- [Task input]:
%%
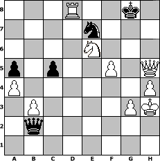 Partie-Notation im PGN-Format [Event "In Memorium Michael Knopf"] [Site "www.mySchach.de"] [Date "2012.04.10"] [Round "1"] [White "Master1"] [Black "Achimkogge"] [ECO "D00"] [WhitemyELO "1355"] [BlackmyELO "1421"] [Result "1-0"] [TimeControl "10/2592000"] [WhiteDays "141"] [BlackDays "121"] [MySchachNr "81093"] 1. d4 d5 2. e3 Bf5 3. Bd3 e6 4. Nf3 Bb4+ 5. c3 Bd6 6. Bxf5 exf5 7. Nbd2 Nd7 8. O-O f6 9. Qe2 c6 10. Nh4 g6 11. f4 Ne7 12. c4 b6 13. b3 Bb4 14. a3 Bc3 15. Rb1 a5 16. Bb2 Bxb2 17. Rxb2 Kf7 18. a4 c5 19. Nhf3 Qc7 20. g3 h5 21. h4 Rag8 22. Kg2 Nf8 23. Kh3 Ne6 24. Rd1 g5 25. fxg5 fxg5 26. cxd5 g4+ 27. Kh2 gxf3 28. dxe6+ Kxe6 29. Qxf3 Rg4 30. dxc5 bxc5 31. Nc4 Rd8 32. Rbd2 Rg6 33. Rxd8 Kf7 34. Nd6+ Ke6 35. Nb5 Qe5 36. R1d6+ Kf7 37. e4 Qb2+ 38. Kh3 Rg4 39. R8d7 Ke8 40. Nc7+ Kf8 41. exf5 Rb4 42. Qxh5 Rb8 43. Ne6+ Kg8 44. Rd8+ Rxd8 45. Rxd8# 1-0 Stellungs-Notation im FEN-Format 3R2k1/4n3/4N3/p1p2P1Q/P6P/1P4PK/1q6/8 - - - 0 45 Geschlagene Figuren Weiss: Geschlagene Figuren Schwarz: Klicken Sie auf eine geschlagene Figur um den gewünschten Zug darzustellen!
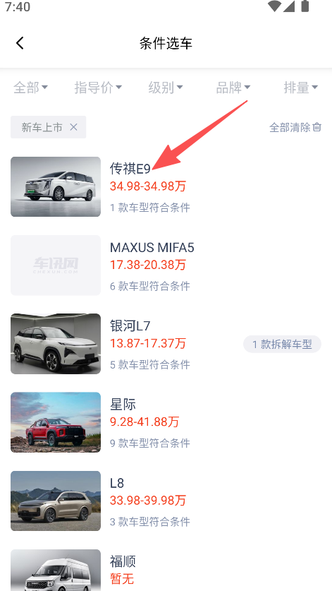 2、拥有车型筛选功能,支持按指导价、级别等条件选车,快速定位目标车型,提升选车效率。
%%
%%
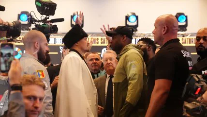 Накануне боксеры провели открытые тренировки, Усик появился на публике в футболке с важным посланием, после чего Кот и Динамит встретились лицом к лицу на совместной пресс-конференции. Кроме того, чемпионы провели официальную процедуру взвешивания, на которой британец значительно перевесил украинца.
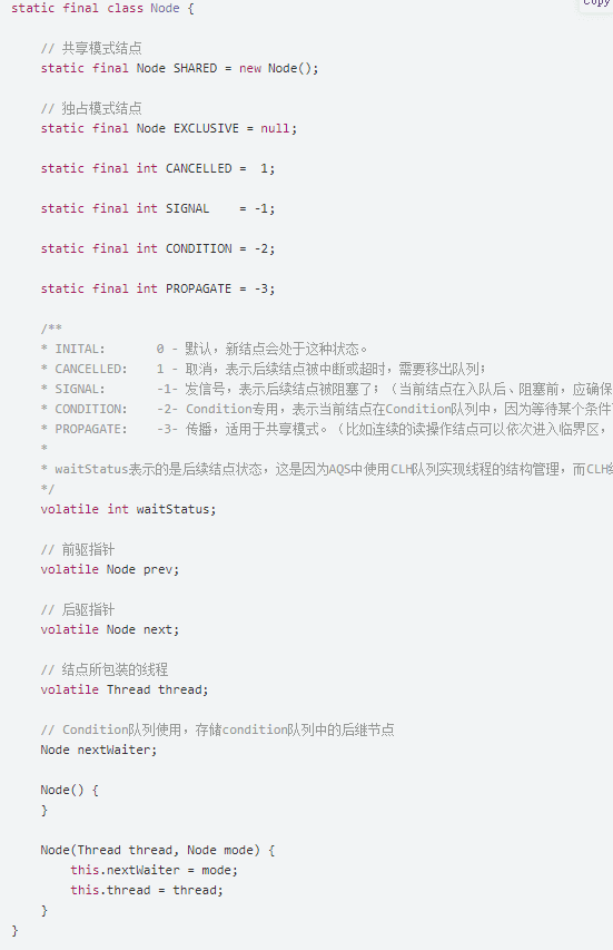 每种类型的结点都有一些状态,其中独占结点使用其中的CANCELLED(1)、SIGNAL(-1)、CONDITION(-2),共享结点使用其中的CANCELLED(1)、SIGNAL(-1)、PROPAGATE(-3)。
%%
%%
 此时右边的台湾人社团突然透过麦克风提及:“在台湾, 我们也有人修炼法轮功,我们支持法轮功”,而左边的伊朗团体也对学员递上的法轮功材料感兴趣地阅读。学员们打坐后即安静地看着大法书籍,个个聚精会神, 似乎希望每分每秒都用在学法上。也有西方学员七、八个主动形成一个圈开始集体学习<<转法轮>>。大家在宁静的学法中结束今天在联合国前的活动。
%%
- [Directions for this task]: Nothing but the lines above, starting at the line that contains "Partie-Notation im PGN-Format" and ending at the line that contains "2、拥有车型筛选功能,支持按", should be given again, exactly and without the pictures.

- [Finished exercise]:
 Partie-Notation im PGN-Format [Event "In Memorium Michael Knopf"] [Site "www.mySchach.de"] [Date "2012.04.10"] [Round "1"] [White "Master1"] [Black "Achimkogge"] [ECO "D00"] [WhitemyELO "1355"] [BlackmyELO "1421"] [Result "1-0"] [TimeControl "10/2592000"] [WhiteDays "141"] [BlackDays "121"] [MySchachNr "81093"] 1. d4 d5 2. e3 Bf5 3. Bd3 e6 4. Nf3 Bb4+ 5. c3 Bd6 6. Bxf5 exf5 7. Nbd2 Nd7 8. O-O f6 9. Qe2 c6 10. Nh4 g6 11. f4 Ne7 12. c4 b6 13. b3 Bb4 14. a3 Bc3 15. Rb1 a5 16. Bb2 Bxb2 17. Rxb2 Kf7 18. a4 c5 19. Nhf3 Qc7 20. g3 h5 21. h4 Rag8 22. Kg2 Nf8 23. Kh3 Ne6 24. Rd1 g5 25. fxg5 fxg5 26. cxd5 g4+ 27. Kh2 gxf3 28. dxe6+ Kxe6 29. Qxf3 Rg4 30. dxc5 bxc5 31. Nc4 Rd8 32. Rbd2 Rg6 33. Rxd8 Kf7 34. Nd6+ Ke6 35. Nb5 Qe5 36. R1d6+ Kf7 37. e4 Qb2+ 38. Kh3 Rg4 39. R8d7 Ke8 40. Nc7+ Kf8 41. exf5 Rb4 42. Qxh5 Rb8 43. Ne6+ Kg8 44. Rd8+ Rxd8 45. Rxd8# 1-0 Stellungs-Notation im FEN-Format 3R2k1/4n3/4N3/p1p2P1Q/P6P/1P4PK/1q6/8 - - - 0 45 Geschlagene Figuren Weiss: Geschlagene Figuren Schwarz: Klicken Sie auf eine geschlagene Figur um den gewünschten Zug darzustellen!
 2、拥有车型筛选功能,支持按指导价、级别等条件选车,快速定位目标车型,提升选车效率。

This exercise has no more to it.